Being one of the prominent players in the fintech domain in the South-east Asia region, we are custodians of our wide-ranging customer base’ data. Its identifiable characteristics are its huge size, the immense rate of growth, and the sheer variety of it — from transactional data captured in JSON fields to pictures and videos.

Pasarpolis aims to stay a data-driven organization wherein the direction in which the data moves, educates us about — what we ought to do and what we can avoid.

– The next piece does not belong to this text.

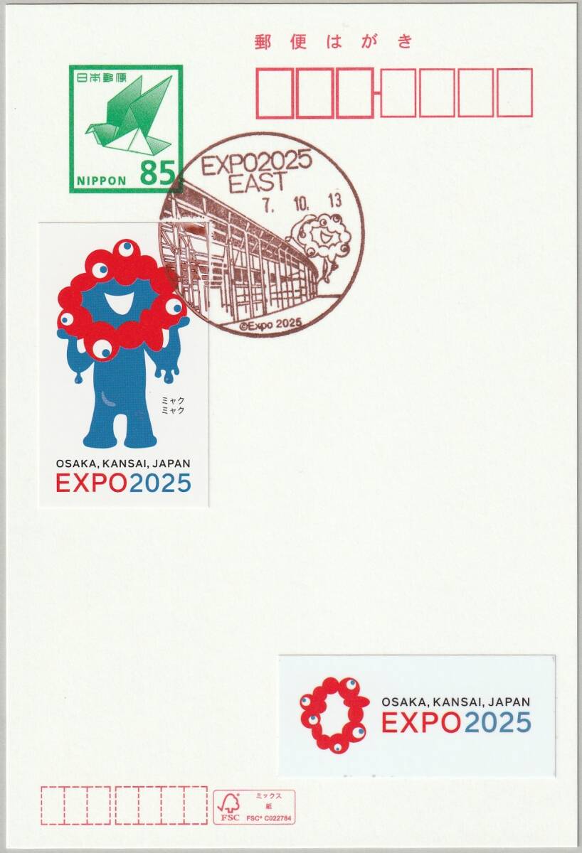 - 2025年 日本国際博覧会(2025大阪・関西万博)を記録するはがき◆EXPO2025 EAST郵便局/万博閉幕日・風景印押 ステッカー貼/令和7年10月13日

As the organization grows, we want to eliminate all barriers to getting useful data. Regardless of the type of role within Pasarpolis — tech or non-tech, the first natural step for an individual should be to easily and accurately understand the current state of affairs. Further, one should be able to study the historic data and draw useful patterns from it and therefore, helps create projections for the near future.

Goals

  1. Empower our Product Managers, Operations, Partners, and Providers by giving them access to the right data at the right time about their products in terms of usage — it helps with — a) Claims payout/product performance, b) Claim servicing performance, c) New product development, and d) Product improvement insights
  2. Enable Product and Operations teams to do self-service Business Intelligence
  3. Innovate over existing products by reviewing and modeling risk
  4. Enhance the end-user experience by leveraging on Machine Learning technology
  5. Scale operations by automating/speeding-up the claim review and validation process

With the above set of objectives set, we looked at what was already being used within the organization. Our intent was -

  1. To continue to use what was working for us to solve existing problems
  2. Replace infrastructure and tooling that was not working for us to solve the current and upcoming problems. Split them into two parts -
  • Short-term: Consider requirements that needed an immediate solution
  • Long-term: Park those requirements which are important but not urgent

Goals that are applicable as we do tasks to meet every objective of ours are Data -

  1. Authentication — Validated users get access to data. Each user has a G Suite account created when they join Pasarpolis. Users access the various data services available using Google Authentication.
  2. Authorization — Users get access to only that data that they are privy to. As the gatekeepers of various data service, we have defined roles at the application level, and then allocate those roles to individuals to control access. E.g. Restrict access to tables and fields which capture end-customers’ Personally Identifiable Information, such as their names, email IDs, telephone numbers, etc.
  3. Availability — Users get access to data when they want it, there should be minimal to no delay.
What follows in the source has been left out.